Nonetheless, tropical forests—most of them located in less developed nations—are falling the fastest. Why? The first reason (based on impact) the land is being cleared is so that native families can feed themselves. The second reason is commercial logging. The third reason is cattle ranching. Cattle can graze for about 6 to 10 years after trees have been cleared from a tropical forest before shrubs take over and make the area unsuitable for rangeland. Foreign companies own most of these cattle ranches, and the beef is often exported to fast-food restaurant chains in other countries. Thus the decisions we make about what to eat for lunch may indirectly influence the rate of tropical deforestation. Other reasons include mining and the development of hydroelectric dams.
Whatever the reason for tropical deforestation, soil fertility declines rapidly when these forests are cut. As a result, native people who depend on the soil for their living become poorer.

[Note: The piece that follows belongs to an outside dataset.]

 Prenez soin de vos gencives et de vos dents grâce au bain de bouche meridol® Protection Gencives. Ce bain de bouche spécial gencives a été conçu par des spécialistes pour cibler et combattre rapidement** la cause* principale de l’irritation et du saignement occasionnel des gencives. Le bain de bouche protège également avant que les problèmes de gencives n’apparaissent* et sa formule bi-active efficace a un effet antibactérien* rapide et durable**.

Overfishing. Overfishing is another practice that is lowering Earth's carrying capacity. Fishing has long provided humans with an abundant food supply, but now many fish populations are being depleted to such levels that some fish can no longer be caught in certain areas. Recent examples include Atlantic cod in New England and salmon in the northwestern United States. Worldwide, 70% of the fisheries are overexploited. The problem is that we have not given the fish enough time to replace their numbers at their reduced population size. As numbers of fish have dwindled, the human response has been to fish harder, using more boats and new techniques, including electronic searches. Some species, the Atlantic bluefin tuna for instance, may already be so overfished that they will become extinct. Overfishing is causing the loss of species and entire ecosystems, as well as a valuable food source.
Water shortage. Earth has been called the Water Planet because water is so plentiful here. Still, relatively little is available for human use because 97% of Earth's water is in the oceans. You might think that at least all the freshwater would be available, but much of it is tied up in ice or clouds, hidden in underground rivers, or otherwise inaccessible for immediate human use. Indeed, freshwater scarcity is an emerging crisis.

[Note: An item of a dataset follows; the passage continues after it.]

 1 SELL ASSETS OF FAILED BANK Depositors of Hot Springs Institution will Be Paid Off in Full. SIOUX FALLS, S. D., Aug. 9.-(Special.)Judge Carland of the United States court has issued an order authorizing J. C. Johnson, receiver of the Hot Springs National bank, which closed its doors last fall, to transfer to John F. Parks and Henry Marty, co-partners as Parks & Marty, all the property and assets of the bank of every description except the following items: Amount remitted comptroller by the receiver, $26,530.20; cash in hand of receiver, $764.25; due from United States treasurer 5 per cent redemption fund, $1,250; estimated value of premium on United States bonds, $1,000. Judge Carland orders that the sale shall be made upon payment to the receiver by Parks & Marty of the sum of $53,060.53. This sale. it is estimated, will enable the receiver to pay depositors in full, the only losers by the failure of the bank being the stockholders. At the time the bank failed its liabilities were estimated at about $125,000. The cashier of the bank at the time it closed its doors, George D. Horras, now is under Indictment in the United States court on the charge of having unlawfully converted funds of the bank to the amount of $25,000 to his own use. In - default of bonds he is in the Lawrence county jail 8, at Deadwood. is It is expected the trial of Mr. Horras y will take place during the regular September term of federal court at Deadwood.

In most regions, however, the underlying cause of water shortage is too many people drawing from a limited supply. Humans use water from two main sources: surface water, such as rivers and lakes, and groundwater, which is water found under Earth's surface in porous layers of rock, such as sand or gravel. When too much surface water is used in an area, ecosystems are affected. As much as 30% of a river's flow can usually be removed without affecting the natural ecosystem. However, in some parts of the southwestern United States, as much as 70% of the surface water has been removed.
Human use of groundwater is also depleting the aquifers (porous layers of underground rock where groundwater is found). Water is added to aquifers by rainfall or melting snow that filters through the topsoil. In some areas, however, water is being removed from aquifers faster than it can be replenished. The Ogallala Aquifer underlies eight states in the Great Plains region of the United States. Much of the water pumped up from the Ogallala Aquifer is used for irrigation and has made this region some of the most productive farmland in the country. However, the water level in the aquifer is dropping by 6 feet a year. The water tables beneath the highly populated northeastern United States are also dwindling dangerously.
What would you do?
A proposed crude oil pipeline from the tar sand hills of western Canada is expected to deliver 700,000 barrels of oil a day. The pipeline crosses 254 miles of Nebraska. The oil spill in the Gulf of Mexico in 2010 has some people worried that the pipeline might leak and endanger the Ogallala Aquifer. If you or someone you love lived in the region that gets its water from this aquifer, would you favor or oppose this pipeline? What factors would you consider in making your decision?
In some places drought, or lack of rain, has compounded the problem of water scarcity caused by the growing human population. A drought has affected the western United States for more than a decade. In some regions, farming and ranching have been severely affected. For example, some ranchers in the West have sold off parts of their herds because there is no grass to feed them. Drought also increases the risk of wildfires that kill plants, wildlife, and humans as well as destroy property. (Climate change, discussed later in the chapter, can also be blamed for the increased numbers of wildfires in recent years—and for the extended average fire season in the western United States, which is now 2 months longer than it was in 1970.)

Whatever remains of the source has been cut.